After a climate-induced mega-tsunami, the entire earth vibrated for nine days | Climate crisis

A landslide and mega-tsunami in Greenland in September 2023, triggered by the climate crisis, caused the entire Earth to vibrate for nine days, a scientific study found.

The seismic event was recorded by earthquake sensors around the world, but was so unprecedented that researchers initially had no idea what had caused it. Solving the mystery, scientists say, shows that global warming is already having an impact on the entire planet and that as temperatures rise rapidly, large landslides are possible in places previously thought to be stable.

On September 16, 2023, a 1,200-meter-high mountain peak collapsed into the remote Dickson Fjord after the melting glacier beneath it could no longer hold the rock face up. This triggered a 200-meter-high wave, and the subsequent sloshing of water in the winding fjord sent seismic waves through the planet for over a week.
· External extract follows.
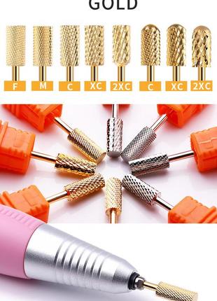 Фреза твердосплавная реверсивная универсальная золотистая для маникюра и педикюра - серия xdj

The landslide and mega-tsunami were the first to be recorded in East Greenland. The Arctic regions are affected by the fastest global warming, and similar, albeit seismically smaller, events have been observed in West Greenland, Alaska, Canada, Norway and Chile.

Dr Kristian Svennevig of the Geological Survey of Denmark and Greenland, the lead author of the report, said: “When we embarked on this scientific adventure, everyone was confused and no one had the slightest idea what had caused this signal. It was much longer and simpler than earthquake signals, which usually last for minutes or hours, and was called a USO – an unidentified seismic object.

“It was also an extraordinary event because it was the first huge landslide and tsunami we have ever recorded in East Greenland. It clearly shows that East Greenland is on the rise when it comes to landslides. The waves destroyed an uninhabited Inuit site at sea level that was at least 200 years old, suggesting that something like this has not happened for at least two centuries.

Numerous huts were destroyed at a research station on the island of Ella, 70 kilometers from the landslide. The site was founded two centuries ago by fur trappers and researchers and is used by scientists and the Danish military, but was empty at the time of the tsunami.

The fjord is also on a route frequently used by cruise ships. Last September, a ship carrying 200 people became stranded in the mud of the Alpefjord, near the Dicksonfjord. It was freed just two days before the tsunami, avoiding waves estimated to be four to six metres high.

“It was pure luck that nothing happened to anyone here,” says Svennevig. “Scientifically, we are in uncharted territory because we don't really know what a tsunami does to a cruise ship.”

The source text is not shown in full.